I am not to be deterred by any amount of bribery and corruption, from bringing you under the yoke of a "rare and radiant,"—whenever I discover one competent to undertake the ticklish business of governing you. I hope she will be "radiant,"—uncommonly "rare" she certainly will be!

Two years later this loan was paid off, with the following letter:—]

4 Marlborough Place, January 11, 1875.

My dear old Shylock,

My argosies have come in, and here is all that was written in the bond! If you want the pound of flesh too, you know it is at your service, and my Portia won't raise that pettifogging objection to shedding a little blood into the bargain, which that other one did.

Ever yours faithfully,

T.H. Huxley.

[On October 24 Miss Jex Blake wrote to him to ask his help for herself and the other women medical students at Edinburgh. For two years they had only been able to get anatomical teaching in a mixed class; but wishing to have a separate class, at least for the present, they had tried to arrange for one that session.

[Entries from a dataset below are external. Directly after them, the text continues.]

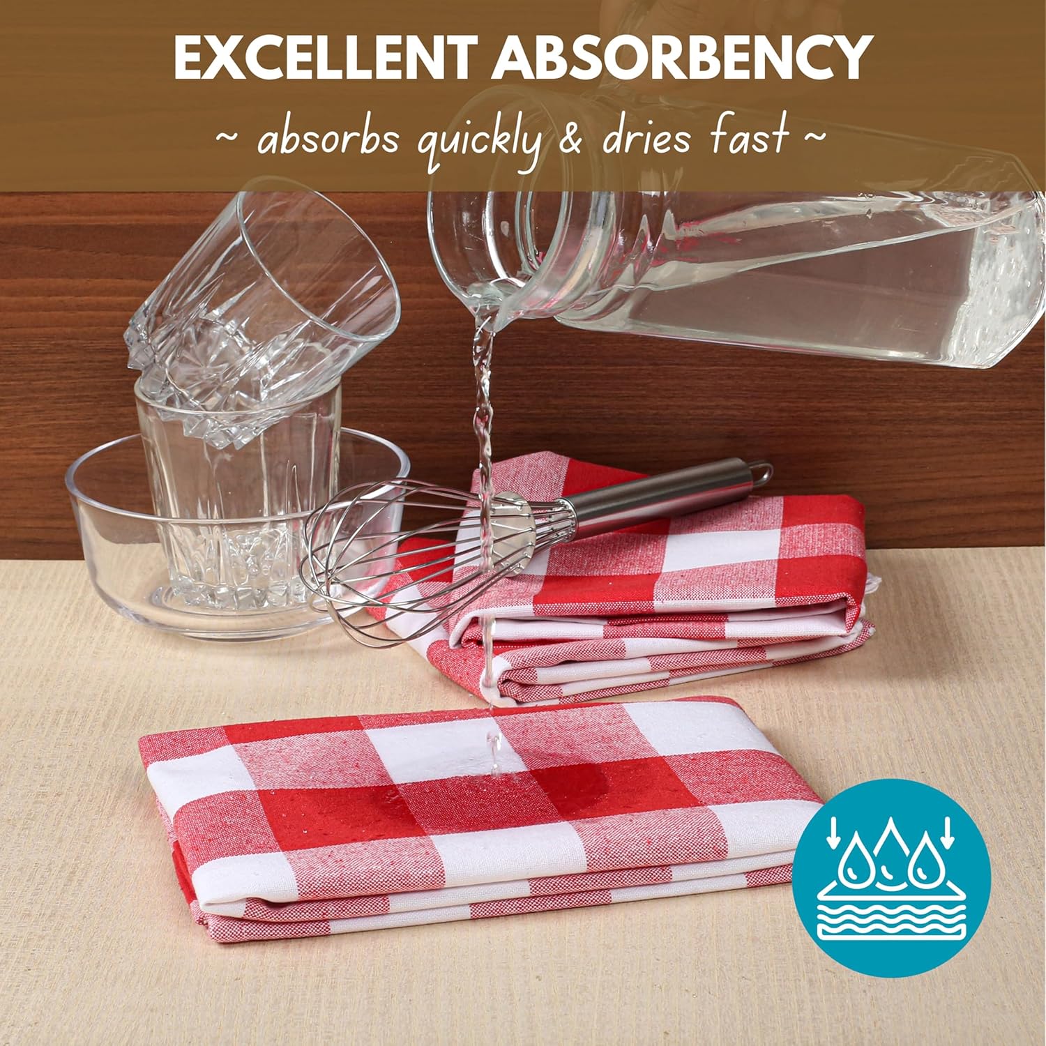 Native Fab 12-Pack Kitchen Towel with Hanging Loop 16x26 inches, Cotton Buffalo Check Kitchen Towels for Cleaning Drying, Washcloths Soft & Absorbent Cloth Rags, Bar Towel, Dish Cloth, Red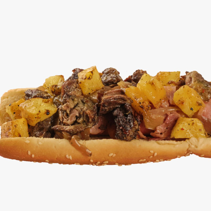 Pan brioche, carne de res, cebolla asada, pastor de @chelaychuchita, piña y un toque de salsa de naranja chipotle.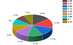 The circular graph shows that the black area represents the greatest velocity, which is 14.8% at the pipe’s entrance, and the green area represents the minimum velocity, which is 7.4% at the pipe’s outlet. This finding suggests that the pipe velocity increased gradually from the green to the black portion of the circular figure. As a result, the relation between temperature and velocity is inverse. Consult Figure 8 for a graphical representation of these temperature and velocity measurements.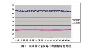 所以使用专业的精度高的温湿度仪就可以很好地解决这些问题。对于面积较大的实验室来说,房间各个角落都应该放置一个记录仪。待过一段时间稳定后,将各角落的温湿度仪的数据导出(图3),通过和空调自带的传感器的数值来进行校正,达到精确操纵温湿度的目的。同时也能及时改正空调系统的不正常的工况,恢复正常状态,达到节能的目的。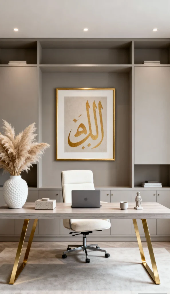 For those who love a calm, uncluttered space, this office is a winner. the palette is beautifully muted with soft grey shelving and a light wood desk. The white chair and the simple accessories keep the focus clean and minimal. The standout piece is the stunning gold Arabic calligraphy art—it adds a meaningful focal point and a beautiful touch of luxury and culture to the tranquil environment.

The late demonstrator at the Surgeons' Hall, who had given them most of their teaching before, had undertaken to teach this separate class, but was refused recognition by the University Court, on the ground that they had no evidence of his qualifications, while refusing to let him prove his qualification by examination. This the women students understood to be an indirect means of suppressing their aspirations; they therefore begged Huxley to examine their instructor with a view to giving him a certificate which should carry weight with the University Court.

He replied:—]

To Miss Jex Blake.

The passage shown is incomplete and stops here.